**TASK ITEM**
Output the data in full. Keep every word exact and exclude the pictures.

**DATA EXCERPT**
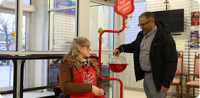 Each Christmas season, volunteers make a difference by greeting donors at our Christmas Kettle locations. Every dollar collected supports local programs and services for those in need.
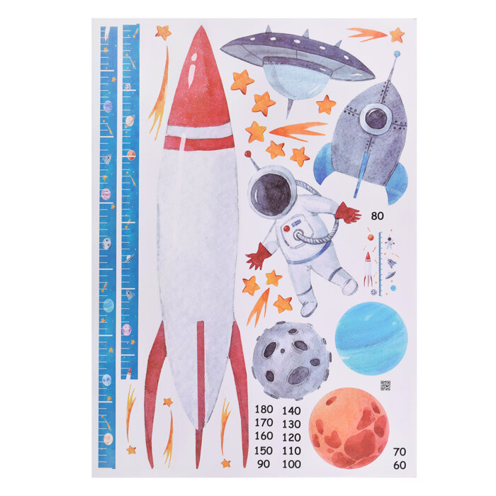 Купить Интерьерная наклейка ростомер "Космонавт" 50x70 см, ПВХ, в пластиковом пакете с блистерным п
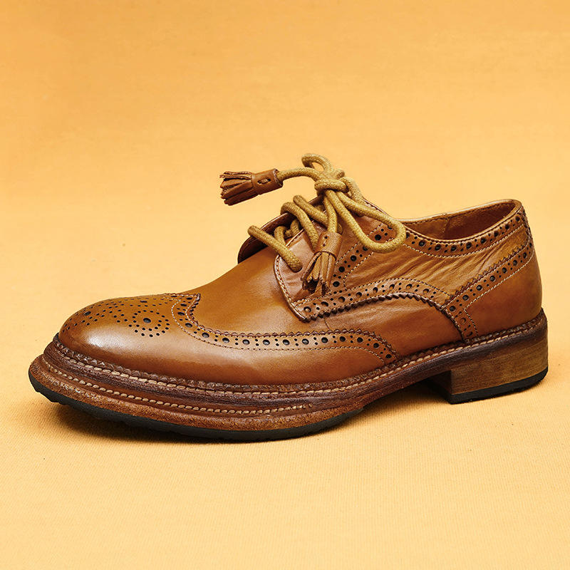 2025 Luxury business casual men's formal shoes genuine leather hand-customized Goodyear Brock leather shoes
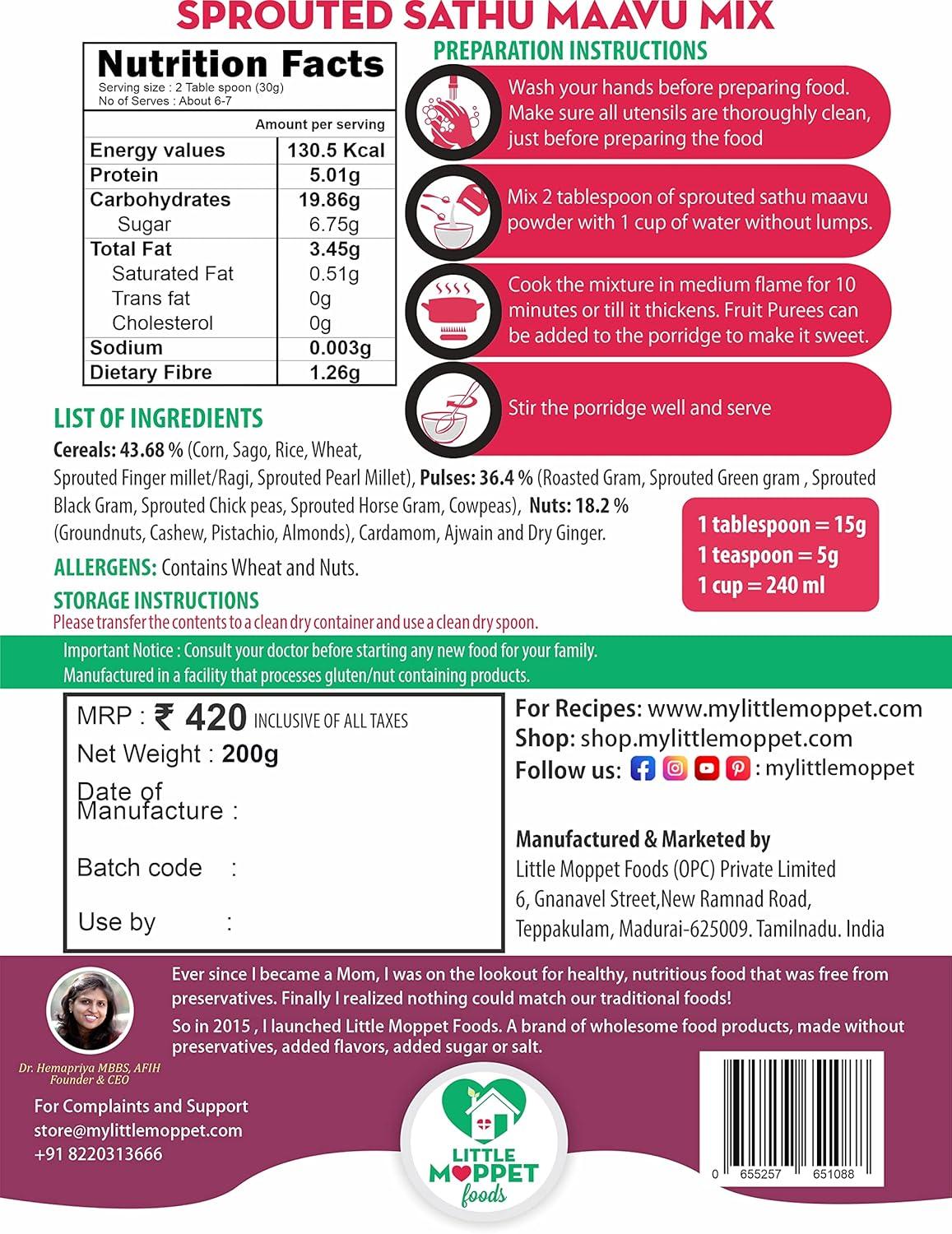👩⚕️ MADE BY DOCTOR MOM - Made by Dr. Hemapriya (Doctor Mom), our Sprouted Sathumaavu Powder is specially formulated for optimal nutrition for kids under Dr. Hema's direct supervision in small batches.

**EXERCISE RESULT**
 Each Christmas season, volunteers make a difference by greeting donors at our Christmas Kettle locations. Every dollar collected supports local programs and services for those in need.
 Купить Интерьерная наклейка ростомер "Космонавт" 50x70 см, ПВХ, в пластиковом пакете с блистерным п
 2025 Luxury business casual men's formal shoes genuine leather hand-customized Goodyear Brock leather shoes
👩⚕️ MADE BY DOCTOR MOM - Made by Dr. Hemapriya (Doctor Mom), our Sprouted Sathumaavu Powder is specially formulated for optimal nutrition for kids under Dr. Hema's direct supervision in small batches.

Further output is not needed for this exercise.